Ethical Politics and the Clinton Affair

By Ian Greene and David P Shugarman - Extracted from 'Cruelty and Deception - The Controversy Over Dirty Hands in Politics' edited by Paul Rynard & David P Sugarman (Pluto Press)

The vote by the US House of Representatives in December, 1998 on whether to impeach President Bill Clinton could be regarded as a debate about the acceptability of dirty-handed politics.

 
 

At various stages in the charges and counter-charges concerning his affair with Monica Lewinsky it was suggested, usually by those sympathetic to the president, that what would normally be morally dubious behaviour should be excused, given the importance of the man and the office and the great disruption to American politics that would be caused by his impeachment or forced resignation. What makes this particular case so difficult to analyse is the complex set of subplots surrounding it. To treat it as an instance of presidential dirty hands, however, would be to misconstrue both the meaning of that term and Clinton's bumbling attempts to cover up his sexual escapades in the White House.

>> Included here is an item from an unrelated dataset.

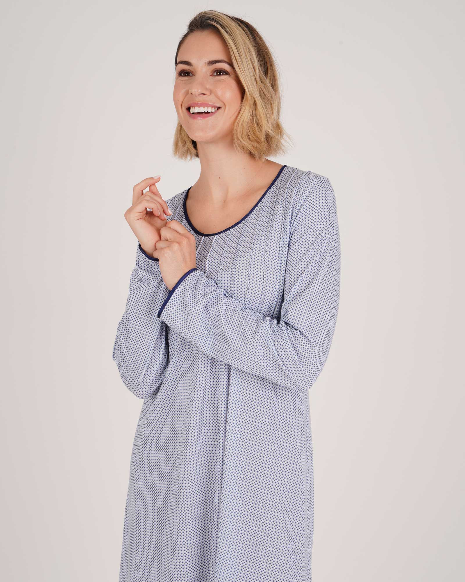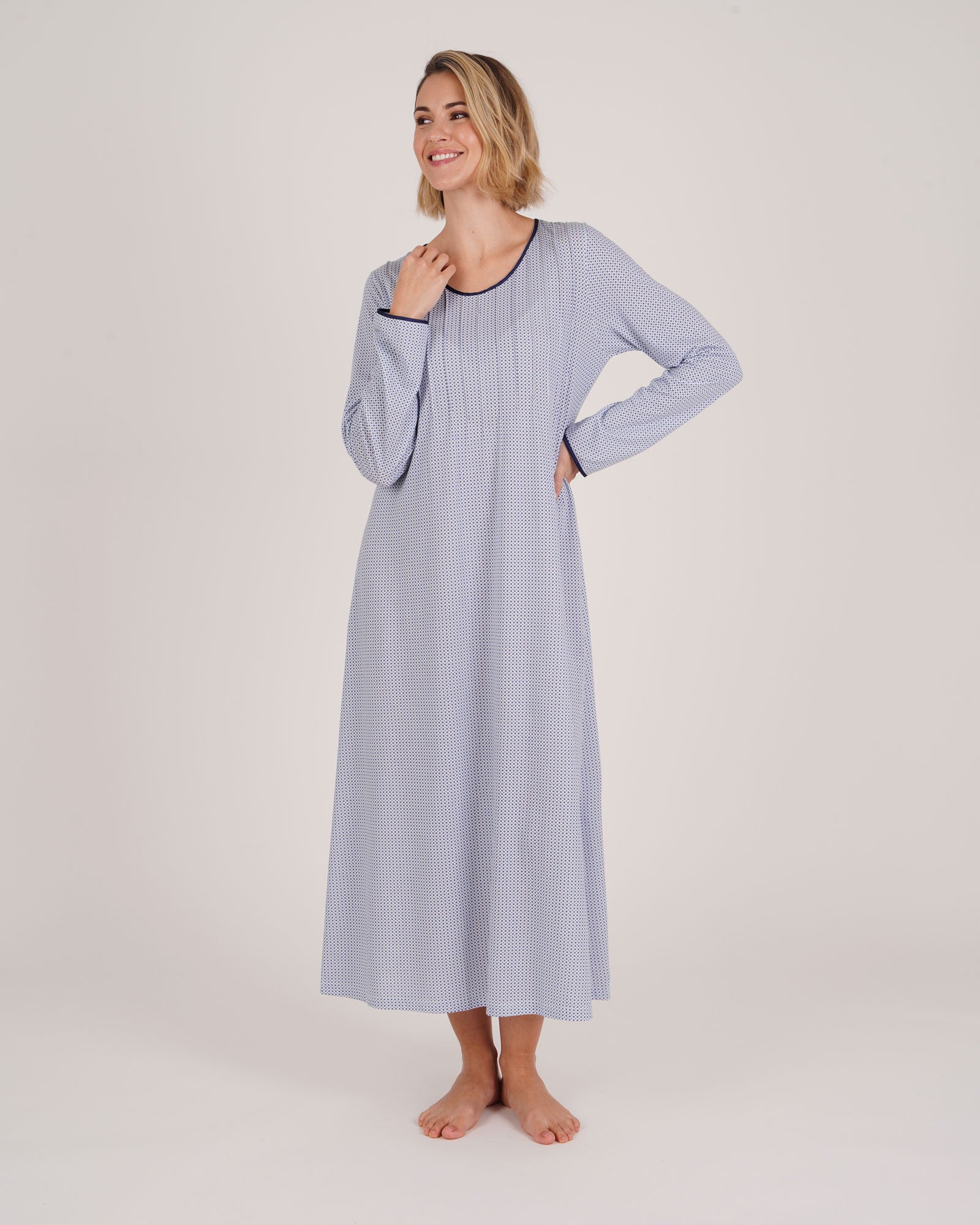 Women's French Pleat Long Sleeved Jersey Nightdress - Selby Dot

In digging up evidence about Clinton's affair, the media, Republican partisans and special counsel Kenneth Starr invaded his privacy. Linda Tripp's tape recording, for public consumption, of her conversation with her friend Monica Lewinsky is morally wrong and in several states is illegal. To backers of Republican efforts to track Clinton's life, such dirty-handed acts were justifiable if they led to the exposure of what they believed to be the sins of a bad man. But from the point of view of US citizens, politicians should be allowed privacy in their personal lives, and prying into their personal affairs is not acceptable. And in a succession of opinion polls taken throughout 1998, the vast majority of Americans indicated that their disapproval of Clinton's dalliance with Ms Lewinsky, and his lying about it, were not to be confused with their opinion of his performance as President. Moreover, if Clinton had lied only in front of the media and his family, there would be no grounds for impeachment. But he lied under oath while testifying before a grand jury and in a deposition he gave in the law-suit against him by Paula Jones. So the question is whether the repeated lie was big enough or important enough to count in the constitutional category of "high crimes and misdemeanours" and thus to justify impeachment.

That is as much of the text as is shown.